Add documentation describing a high level overview of such systems and the
perforamnce and caching attributes the kernel provides for applications
wishing to query this information.
Reviewed-by: Mike Rapoport <rppt@linux.ibm.com>
Signed-off-by: Keith Busch <keith.busch@intel.com>
---
Documentation/admin-guide/mm/numaperf.rst | 184 ++++++++++++++++++++++++++++++
1 file changed, 184 insertions(+)
create mode 100644 Documentation/admin-guide/mm/numaperf.rst
diff --git a/Documentation/admin-guide/mm/numaperf.rst b/Documentation/admin-guide/mm/numaperf.rst
new file mode 100644
index 000000000000..963fbd3004d3
--- /dev/null
+++ b/Documentation/admin-guide/mm/numaperf.rst
@@ -0,0 +1,184 @@
+.. _numaperf:
+
+=============
+NUMA Locality
+=============
+
+Some platforms may have multiple types of memory attached to a single
+CPU. These disparate memory ranges share some characteristics, such as
+CPU cache coherence, but may have different performance. For example,
+different media types and buses affect bandwidth and latency.
+
+A system supporting such heterogeneous memory by grouping each memory
+type under different "nodes" based on similar CPU locality and performance
+characteristics. Some memory may share the same node as a CPU, and others
+are provided as memory only nodes. While memory only nodes do not provide
+CPUs, they may still be directly accessible, or local, to one or more
+compute nodes. The following diagram shows one such example of two compute
+nodes with local memory and a memory only node for each of compute node:
+
+ +------------------+ +------------------+
+ | Compute Node 0 +-----+ Compute Node 1 |
+ | Local Node0 Mem | | Local Node1 Mem |
+ +--------+---------+ +--------+---------+
+ | |
+ +--------+---------+ +--------+---------+
+ | Slower Node2 Mem | | Slower Node3 Mem |
+ +------------------+ +--------+---------+
+
+A "memory initiator" is a node containing one or more devices such as
+CPUs or separate memory I/O devices that can initiate memory requests.

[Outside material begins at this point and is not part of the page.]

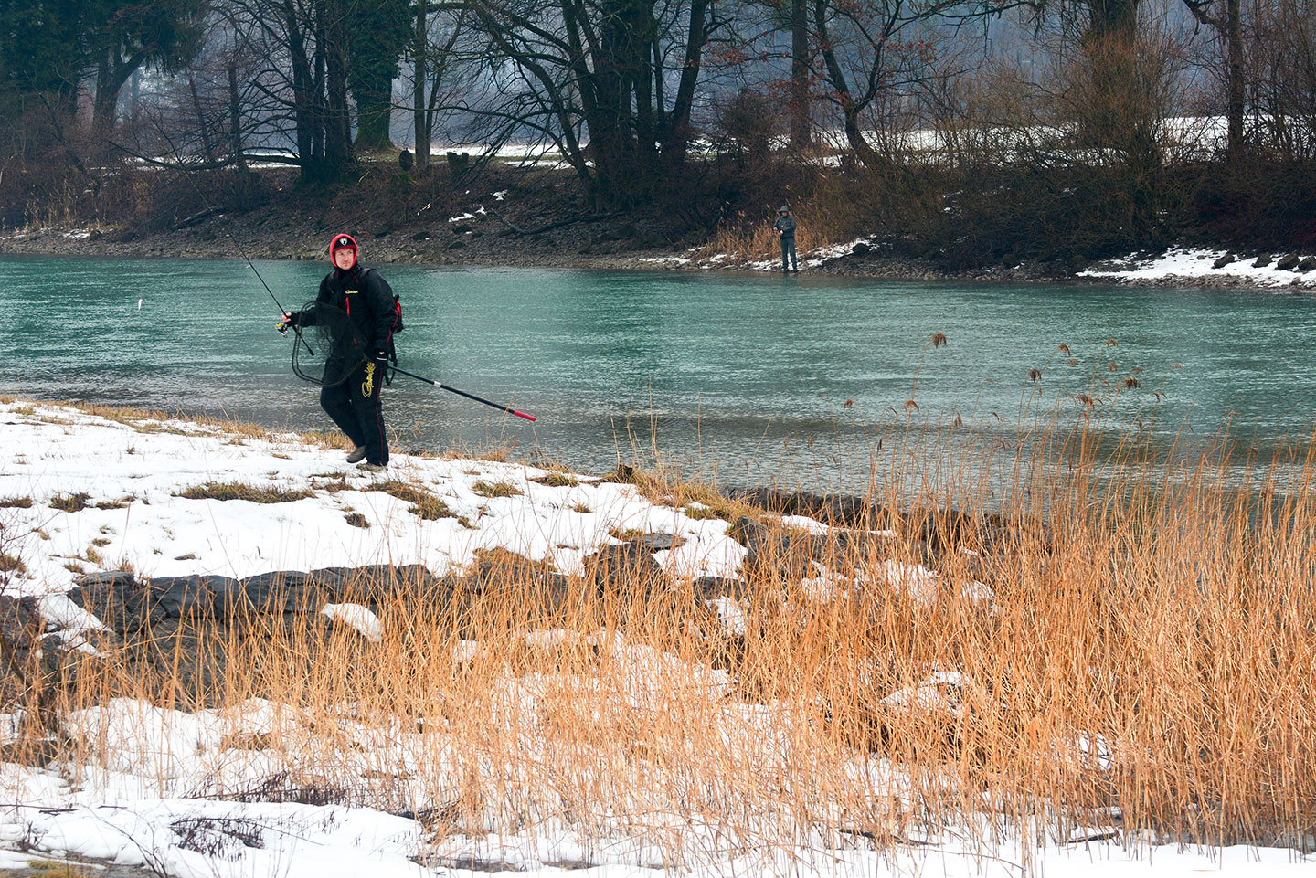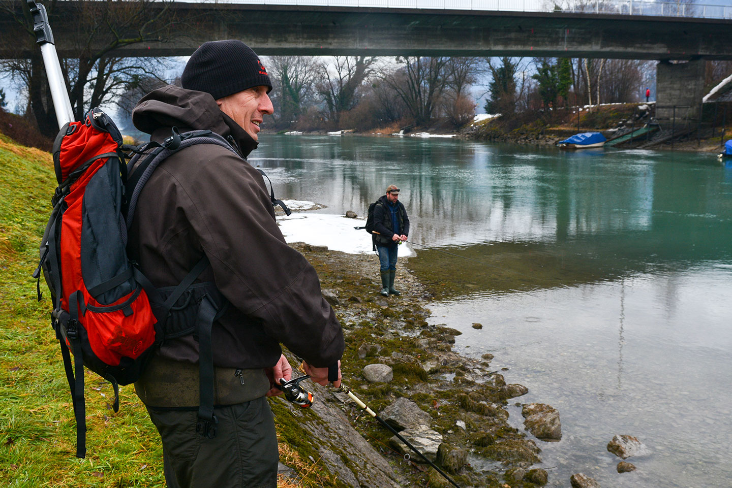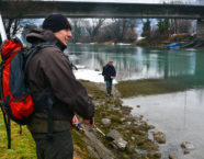 Ein gutes Dutzend Fischer nerve ich mit der kürzesten aber sehr aktivierenden Frage: «Und?» Nach kurzer emotionaler Bedenkzeit vernehme ich dann ein brummiges Gemurmel Richtung Flussmitte, aber meistens ein freundliches Lächeln. Diese Antworten reichen mir und ich mache mich nach ein paar ermutigenden Worten auf zum nächsten Kollegen.

+A "memory target" is a node containing one or more physical address
+ranges accessible from one or more memory initiators.
+
+When multiple memory initiators exist, they may not all have the same
+performance when accessing a given memory target. Each initiator-target
+pair may be organized into different ranked access classes to represent
+this relationship. The highest performing initiator to a given target
+is considered to be one of that target's local initiators, and given
+the highest access class, 0. Any given target may have one or more
+local initiators, and any given initiator may have multiple local
+memory targets.
+
+To aid applications matching memory targets with their initiators, the
+kernel provides symlinks to each other. The following example lists the
+relationship for the class "0" memory initiators and targets, which is
+the of nodes with the highest performing access relationship::
+
+ # symlinks -v /sys/devices/system/node/nodeX/class0/
+ relative: /sys/devices/system/node/nodeX/class0/targetY -> ../../nodeY
+
+ # symlinks -v /sys/devices/system/node/nodeY/class0/
+ relative: /sys/devices/system/node/nodeY/class0/initiatorX -> ../../nodeX
+
+The linked nodes will also have their node numbers set in the class's
+target and initiator nodelist entries. Following the same example as
+above may look like the following::
+
+ # cat /sys/devices/system/node/nodeX/class0/target_nodelist
+ Y
+
+ # cat /sys/devices/system/node/nodeY/class0/initiator_nodelist
+ X
+
+An example showing how this may be used to run a particular task on CPUs
+and memory using best class nodes for a particular PCI device can be done
+using existing 'numactl' as follows::
+
+ # NODE=$(cat /sys/devices/pci:0000:00/.../numa_node)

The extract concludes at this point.